Есть некоторое сходство между Горьким и великим французским писателем Флобером, но есть и большое различие. И тот и другой своеобразно соединяли в себе романтизм и реализм. Но Флобер, умирая, был полон пессимизма, считал, что весь мир — дурацкая бессмысленность, проклинал все и больше всего науку. Горький живет, возвышаясь, в какой-то все более и более ясной уверенности в победе человечества. Труд и наука соединяются для него в одну сверкающую эмблему. Багровый путь революции, единственный, по которому существует движение вперед, принят им еще и еще раз, после самой внимательной оценки.

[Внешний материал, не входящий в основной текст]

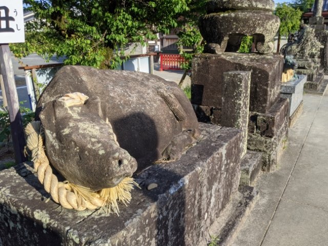 天満宮・天神には共通する特徴があります。まずは撫で牛こと臥牛(がぎゅう)。天満宮と牛のつながりは様々な言われがありますが、ここ水田天満宮のHPに掲載されていたのは、「道真の遺骸を運ぶ際、それを曳いていた牛が途中でうずくまります。ここに留まりたいという道真の遺志に違いないと考えられ、墓所の位置が決まりました」というもの。

Великой страдальческой рукой Флобера уже тогда, в те времена, семьдесят лет назад, подписывался приговор старому миру. Песня Горького, бывшая вначале первым щебетанием проснувшейся на заре птицы, а потом — криком буревестника, все время непрерывно растет. Она и сейчас звучит как весть обновления бесконечно скорбной человеческой жизни.
Имя Горького неразрывным образом сплетено с подъемом русского общественного настроения в девятидесятых годах, оно до крайности интересно и показательно переплетается потом с дальнейшими судьбами назревающей и разрастающейся революции.
В настоящем очерке мы даем лишь беглый силуэт великого писателя и предоставляем слово ему самому.
Алексей Максимович на собраниях часто говорит в таких случаях: «Я не оратор». Не знаю, как обстоит дело с «ораторством», но с первой страницы первого тома слово предоставляется самому юбиляру — великому художнику русской литературы, великому зачинателю пролетарского искусства.
Горький (К 40-летнему юбилею)*
IСорок лет литературного творчества большого писателя всегда создают на вечно растущей карте мировой культуры большой массив.
Такой горный кряж может быть оценен как целое лишь на известном расстоянии.
Результаты писательского труда Максима Горького во всем его значении для нашей эпохи и для всей совокупности русской и общечеловеческой культуры, относительное место его во всей богатой карте завоеваний человеческого гения станут совершенно ясными не так-то скоро. Тем более что горьковский горный массив еще далеко не закончен и мы надеемся еще многие годы видеть его дальнейший прекрасный и исполинский рост.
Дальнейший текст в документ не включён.